SparkConf conf = new SparkConf().setMaster("local[*]").setAppName("Hello world");
SparkSession sparkSession = SparkSession.builder().config(conf).getOrCreate();
Dataset<Row> dataset = sparkSession.read().option("header", true).option("sep", "" ",").option("delimiter", "\"").csv("gs://abc/WDC_age.csv");
but it throws an error which says:
Exception in thread "main" java.io.IOException: No FileSystem for scheme: gs
can anyone help me in this? I just want to read csv from GCS using spark.
Thanks In Advance :)
CodePudding user response:
No FileSystem for scheme: gs
indicates Spark couldn't find the GCS connector.
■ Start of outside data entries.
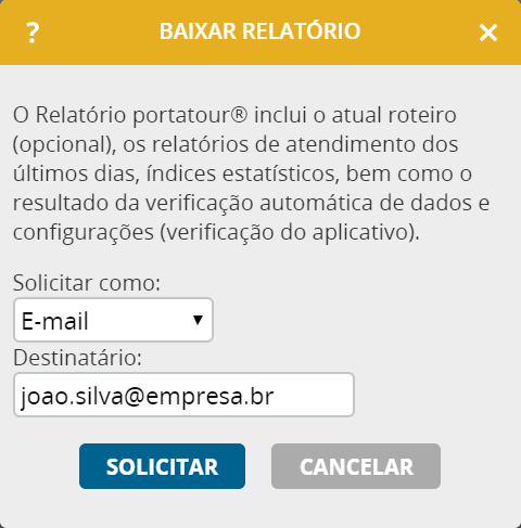 Mediante solicitação, o portatour® apresenta o roteiro de atendimento atual, juntamente com um resumo dos relatórios de atendimento e uma referência estatística de dados relevantes sobre atendimento de clientes na sua área de atendimento em forma de relatório enviado por e-mail ou exibido no website. Detalhes sobre o conteúdo e estrutura estão disponíveis no item Descrição do conteúdo e Verificação do aplicativo.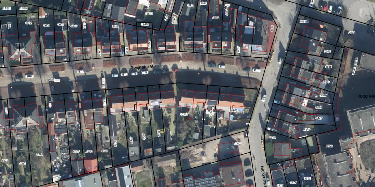 Het perceel waarop Twijnstraat 34 staat heeft een oppervlakte van 768 m². Dit is een groot perceel. De perceeloppervlakte wordt geregistreerd door het Kadaster. Gedetailleerde informatie over de maten van dit perceel kunt u vinden in het rapport Kadastrale kaart met maatvoering van Twijnstraat 34.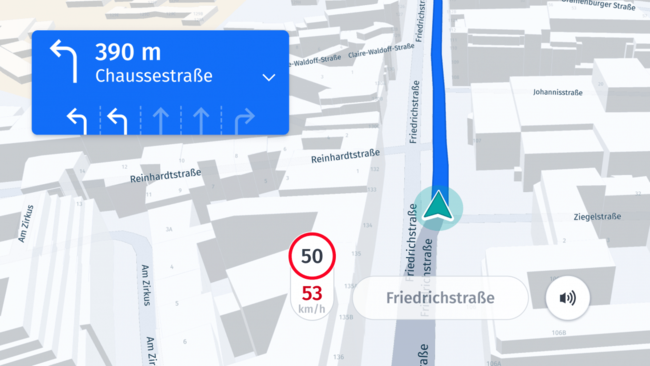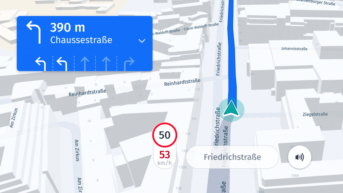 De igual modo, a bordo de un vehículo (incluso si éste no dispone de Android Auto) HERE WeGO es capaz de proporcionar instrucciones vocales del mismo modo que los navegadores clásicos de automoción.

I guess you are not running in a Dataproc cluster, you might need to install the connector by yourself
https://cloud.google.com/dataproc/docs/concepts/connectors/cloud-storage
CodePudding user response:
In my case, i just added the following dependency on my pom.xml file:
<dependency>
<groupId>com.google.cloud.bigdataoss</groupId>
<artifactId>gcs-connector</artifactId>
<version>hadoop3-2.2.4</version>
</dependency>
and it work for me.